What is needed: Among the entries below, copy only the span from the line containing "ประตูแห่งความสุข" through the line containing "Billede fra 1970erne". Do so exactly, and skip the pictures.

Items from a data source:

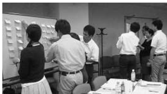
—平成28年度の講義風景— (特許情報戦略グループワーク)

受講証等の発行はいたしませんので、当日、直接会場へお越しください。定員オーバーのため、ご参加頂けない場合のみ連絡させていただきます。 尚、E-mailでお申込の場合は、受信確認の返信をいたします
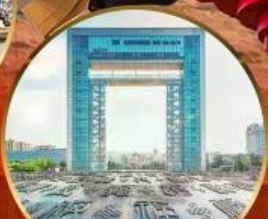
ประตูแห่งความสุข
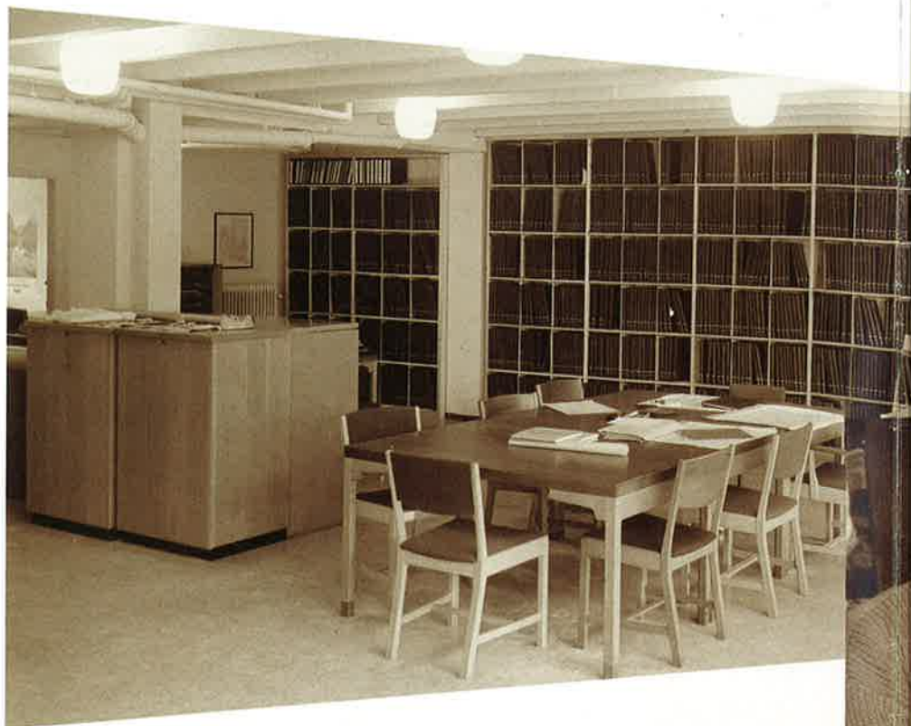
Billede fra 1970erne af borearkivet på Thoravej 33. På hyldeerne står sorte springbind, der rummer de rentegnede boreprofiler fra vandforsyningsboringer. I skabene opbevares kortene, hvor boringernes beliggenhed er afsat med en prik og med DGU arkivnummer.

"Ved Udførelsen af Boringer, der anbringes i Vandindvindingsøjemed, skal den, der lader Boringen udføre, til Danmarks Geologiske Undersøgelse indsende Meddelelse om Boringens Beliggenhed, de forefundne Jordlag, Vandstanden og Resultatet af afholdte Prøvepumpninger".

Response area:
ประตูแห่งความสุข
Billede fra 1970erne af borearkivet på Thoravej 33. På hyldeerne står sorte springbind, der rummer de rentegnede boreprofiler fra vandforsyningsboringer. I skabene opbevares kortene, hvor boringernes beliggenhed er afsat med en prik og med DGU arkivnummer.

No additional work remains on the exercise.